RLLIB PPO error on non-finished episodes

Hi,

I’m having trouble using PPO when a episode is not finished. The following minimal example fails when using PPO but works with DQN.

import ray
from ray import tune
from ray.rllib.algorithms.ppo import PPOConfig, PPO
from ray.rllib.algorithms.dqn import DQNConfig, DQN

from ray.rllib.examples.env.simple_rpg import SimpleRPG
from ray.rllib.examples.models.simple_rpg_model import CustomTorchRPGModel

from ray.rllib.examples.env.simple_corridor import SimpleCorridor

class MySimpleRPG(SimpleRPG):
    def step(self, action):
        # in SimpleRPG, 'done' is always True        v 
        return self.observation_space.sample(), 1, False, {}

ALGO = "PPO"

if ALGO == "PPO":
    config = PPOConfig()
    trainer = PPO
elif ALGO == "DQN":
    config = DQNConfig()
    trainer = DQN

if __name__ == "__main__":
    config.framework_str = "torch"
    config.num_rollout_workers = 0

    # Repeated env
    config.env = MySimpleRPG
    # Non-repeated
    #config.env = SimpleCorridor

    ray.init(local_mode=True)

    tune.run(trainer, config=config)

The code reaches as far as to the PPO ‘compute_gae_for_sample_batch’ but when the ‘new_obs’ column of the view should be created the following error happens:

    input_dict = sample_batch.get_single_step_input_dict(
  File "/home/*/lib/python3.8/site-packages/ray/rllib/policy/sample_batch.py", line 1152, in get_single_step_input_dict
    self[data_col],
  File "/home/*/lib/python3.8/site-packages/ray/rllib/policy/sample_batch.py", line 818, in __getitem__
    value = dict.__getitem__(self, key)

The following method is the culprit where index=“last”.

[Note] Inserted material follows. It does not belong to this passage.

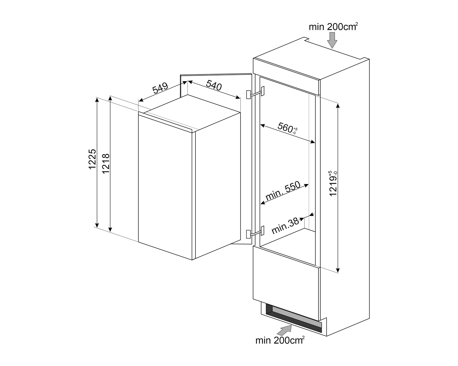 Хладилник с камера за вграждане 188л - SMEG S4C122E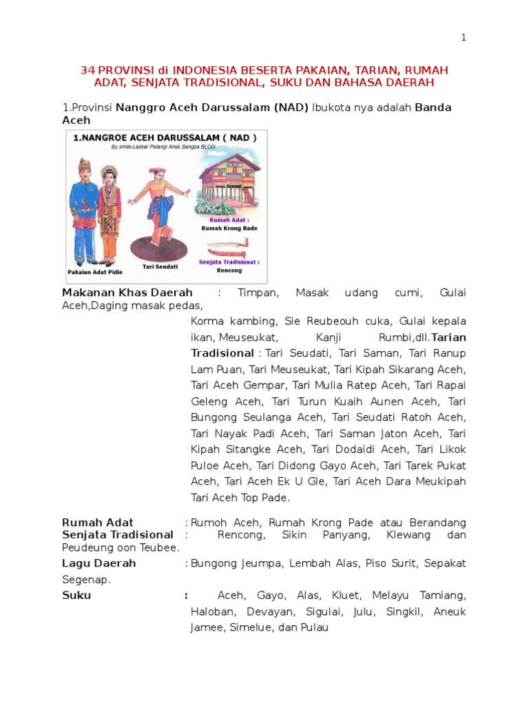 Kebudayaan 34 Provinsi Di Indonesia Docx Teps Tiranet Academia Edu

    def get_single_step_input_dict(
        self,
        view_requirements: ViewRequirementsDict,
        index: Union[str, int] = "last",
    ) -> "SampleBatch":

Has there been any changes so that the examples no longer work? I know that RLLib changed a lot a few versions ago (?especially regarding views and how batches are structured?) but did this also break the examples? I also tried with a ‘SimpleRPG’ environment which is closer to what I’m actually working with and where I originally encountered this error. To encounter the error I needed to change the ‘SimpleRPG’ environment to not always finish the episode. However, it fails for much simpler environments such as ‘SimpleCorridor’ also.

The below error trace and call trace is the complete error so to speak.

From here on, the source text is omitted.